GMO Answers
- Owner: CropLife International
- Website: gmoanswers.com
- Launched: July 2013; 13 years ago
- Current status: Online

= GMO Answers =

Front group launched by the agricultural biotechnology industry in July 2013

GMO Answers is a project launched by the agricultural biotechnology industry in July 2013 to participate in public debate around genetically modified organisms (GMOs) in crops in the U.S. food supply.

Cathleen Enright, then executive director of Council for Biotechnology Information, said GMO Answers was not specifically created to advocate against GMO labeling, but rather to provide accurate information about GMOs to consumers: "We have been accused of purposely hiding information. We haven't done that but now we will open the doors and provide information."

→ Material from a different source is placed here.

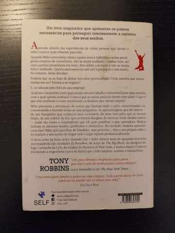 Aprenda através das experiências de várias pessoas que deram o salto e nunca mais olharam para trás. Quando Mike Lewis tinha vinte e quatro anos e trabalhava numa prestigiada empresa de consultoria, não se sentia realizado. Ganhar bem, ter uma carreira promissora era bom. Mas sentia um vazio e não se sentia feliz e realizado. Queria ansiosamente sair dali e perseguir o seu sonho. No entanto, tinha dúvidas: Poderia dar-se ao luxo de deitar fora esta oportunidade? Uma carreira que tantos sonhavam ter? Estaria a ser ingrato? E, se saltasse para fora do seu emprego: Qual era o momento certo para mudar de um trabalho confortável para uma carreira com a qual apenas sonhara? Como é que as outras pessoas davam esse salto? O que é que elas sentiram e como resolveram os desafios que vieram depois? Mike procurou a orientação de outros que haviam dado o salto, entrevistando-os, conversando e fazendo todas as suas perguntas. As aprendizagens que ele obteve — de um banqueiro que começou uma cervejaria, de uma executiva que se tornou bispo, de um coletor de lixo que se tornou designer de móveis, entre muitos outros — eram tão claras e inspiradoras que ele quis partilhar o que aprendera. Muitos tinham os mesmos medos, problemas e obstáculos. Na verdade, bastava aprender com eles! Mike quis partilhar de imediato, mas primeiro… deu o seu próprio salto e foi realizar o seu sonho de largar tudo e jogar squash profissionalmente. O livro certo na hora certa: Quando Dar o Salto oferece mais de quarenta histórias encorajadoras (do fundador da Bonobos, do autor de The Big Short, do designer do logo Carstache da Lyft, do criador do Humans of New York, e muitos mais) e tópicos (incluindo a engenhosa Curva do Salto) que o irão inspirar, ensinar e tranquilizar.

Anti-GMO activists have characterized GMO Answers as a public relations ploy by the seed biotech industry to influence an intensifying debate concerning the safety of GMOs and GMO labeling. Huffington Post reported on 130 pages of Ketchum PR internal documents discussing the launch of GMO Answers with a strategy of "embracing skepticism." Ketchum's internal documents also discussed “ongoing development of relationships” with Washington Post columnist Tamar Haspel as well as The Motley Fool and Politico.

== Background ==

The safety of GMOs has been described as the "most visible and contentious" public debate regarding food production technologies used in the U.S. food supply chain. In a January 2013 New York Times poll, 93 percent of respondents said that foods containing GMOs or genetically engineered ingredients should be identified. The Pew Research Center conducted a survey of 1,480 Americans and the results showed that over a third of Americans believe genetically modified food poses health risks. The survey made the statement, "GM foods are ___ for health than non-GM foods." 39% of the respondents responded "worse", 48% responded, no better or no worse, 10% responded better, leaving 3% of respondents that didn't answer the question. The data shows there is still a tendency for the average American to believe GM food is worse for health. Polls by the Oklahoma State University Department of Agricultural Economics have shown that over 80 percent of respondents supported mandatory labels of genetically modified food, but the same number supported labels for food containing DNA.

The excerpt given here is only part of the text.